# Your instructions
Restate all data exactly. No images.

# Raw data
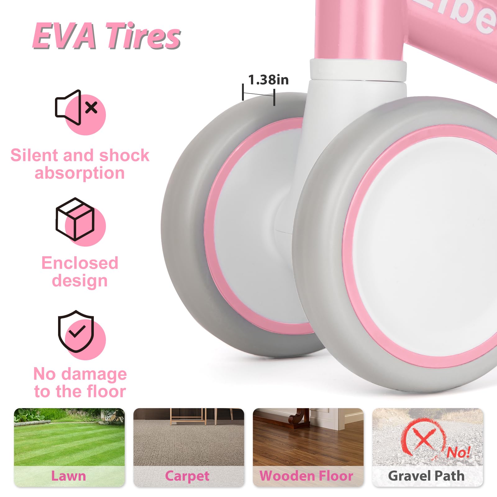 Liberry Baby Balance Bike Is A Great Choice For Baby'S First Birthday Gift. Our Toddler Balance Bike Is Made Of Rubber Handlebars, A Pvc Seat And A Steel Frame, Which Is More Durable And Safer For Your Kids. Besides, Adjustable Seat Is Convenient For Beginners To Adjust To The Appropriate Height ( 9.7-11In ). This Balance Bike Is Recommended To Boys And Girls 1 2 Years Old. Use Our Popular Bike Balance Trainer To Help Your Children Learn Their First Basic Skills By Exercising Their Balance While Playing. The Four-Wheel Structure Is Designed For Toddlers To Make The Bicycle More Stable. Beginners Can Quickly Learn To Ride On, Which Gives Them An Incredible Sense Of Accomplishment And Confidence To Challenge New Things. A Bike Trainer Is An Ideal Transitional Toy When The Baby Is Learning To Walk.
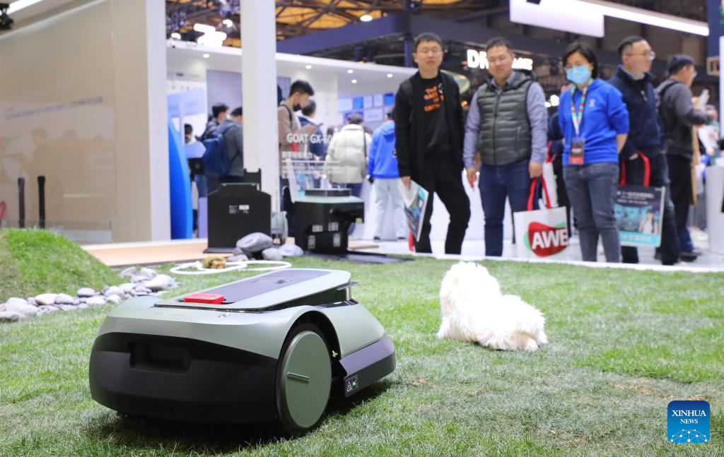 A lawn mowing robot from Ecovacs demonstrates during the 2024 Appliance & Electronics World Expo (AWE2024) in east China's Shanghai, March 14, 2024. With the theme of "Smartize the Future", the AWE2024 kicked off here on Thursday. The world's leading brands in the field of home appliances and consumer electronics gathered at the expo to showcase their latest innovations. (Xinhua/Fang Zhe)
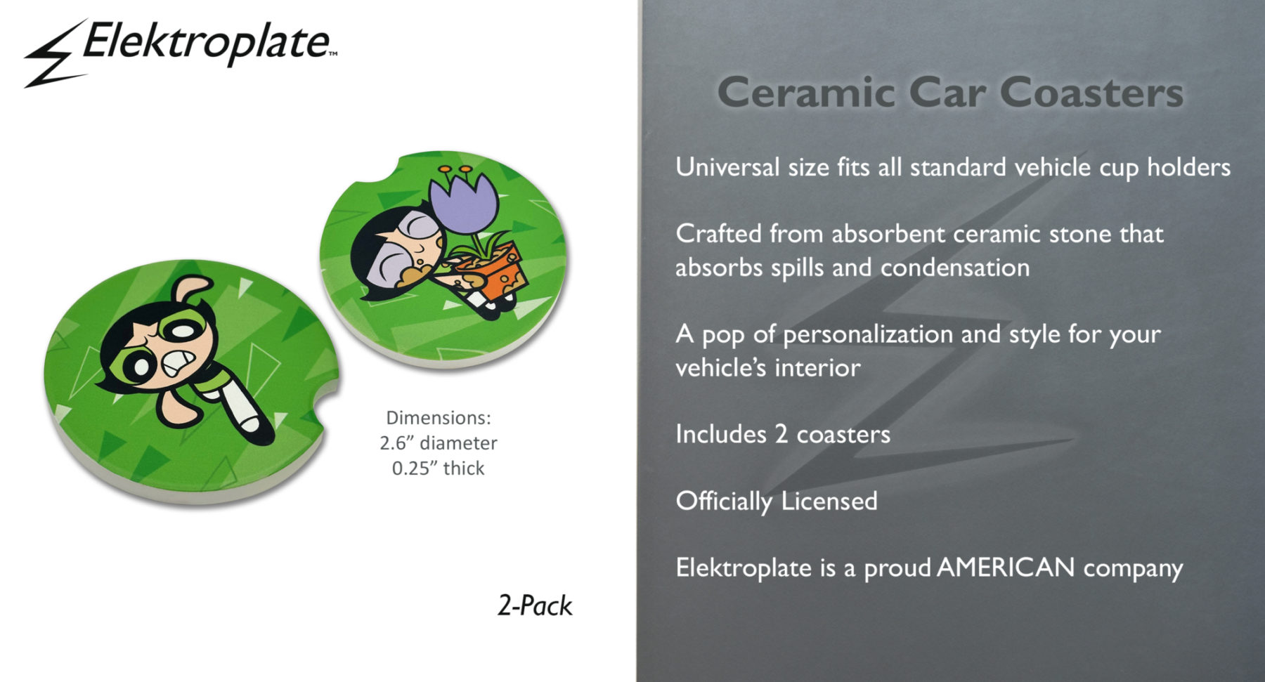 Add some tough-girl attitude to your car with these Officially Licensed Powerpuff Girls Buttercup car coasters (Set of 2) from Elektroplate! Each set includes two unique, absorbent coasters designed to keep your cup holders dry and clean. Featuring Buttercup, the fearless and spirited Powerpuff Girl, these coasters offer a universal fit (2.6" diameter) for most vehicle cup holders. Durable, practical, and packed with Buttercup’s bold energy, they’re the perfect accessory for fans who want to add a little extra power to their ride. Whether you’re saving the day or just cruising around, these coasters are a must-have for any Buttercup fan!
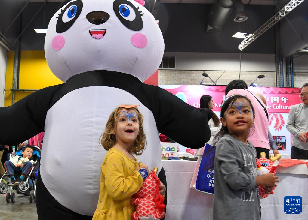 2月3日,在新西蘭奧克蘭,參加“新春花市同樂日”的小朋友抱著“龍寶寶”走過一個“熊貓寶寶”。

# Answer for this exercise
 Liberry Baby Balance Bike Is A Great Choice For Baby'S First Birthday Gift. Our Toddler Balance Bike Is Made Of Rubber Handlebars, A Pvc Seat And A Steel Frame, Which Is More Durable And Safer For Your Kids. Besides, Adjustable Seat Is Convenient For Beginners To Adjust To The Appropriate Height ( 9.7-11In ). This Balance Bike Is Recommended To Boys And Girls 1 2 Years Old. Use Our Popular Bike Balance Trainer To Help Your Children Learn Their First Basic Skills By Exercising Their Balance While Playing. The Four-Wheel Structure Is Designed For Toddlers To Make The Bicycle More Stable. Beginners Can Quickly Learn To Ride On, Which Gives Them An Incredible Sense Of Accomplishment And Confidence To Challenge New Things. A Bike Trainer Is An Ideal Transitional Toy When The Baby Is Learning To Walk.
 A lawn mowing robot from Ecovacs demonstrates during the 2024 Appliance & Electronics World Expo (AWE2024) in east China's Shanghai, March 14, 2024. With the theme of "Smartize the Future", the AWE2024 kicked off here on Thursday. The world's leading brands in the field of home appliances and consumer electronics gathered at the expo to showcase their latest innovations. (Xinhua/Fang Zhe)
 Add some tough-girl attitude to your car with these Officially Licensed Powerpuff Girls Buttercup car coasters (Set of 2) from Elektroplate! Each set includes two unique, absorbent coasters designed to keep your cup holders dry and clean. Featuring Buttercup, the fearless and spirited Powerpuff Girl, these coasters offer a universal fit (2.6" diameter) for most vehicle cup holders. Durable, practical, and packed with Buttercup’s bold energy, they’re the perfect accessory for fans who want to add a little extra power to their ride. Whether you’re saving the day or just cruising around, these coasters are a must-have for any Buttercup fan!
 2月3日,在新西蘭奧克蘭,參加“新春花市同樂日”的小朋友抱著“龍寶寶”走過一個“熊貓寶寶”。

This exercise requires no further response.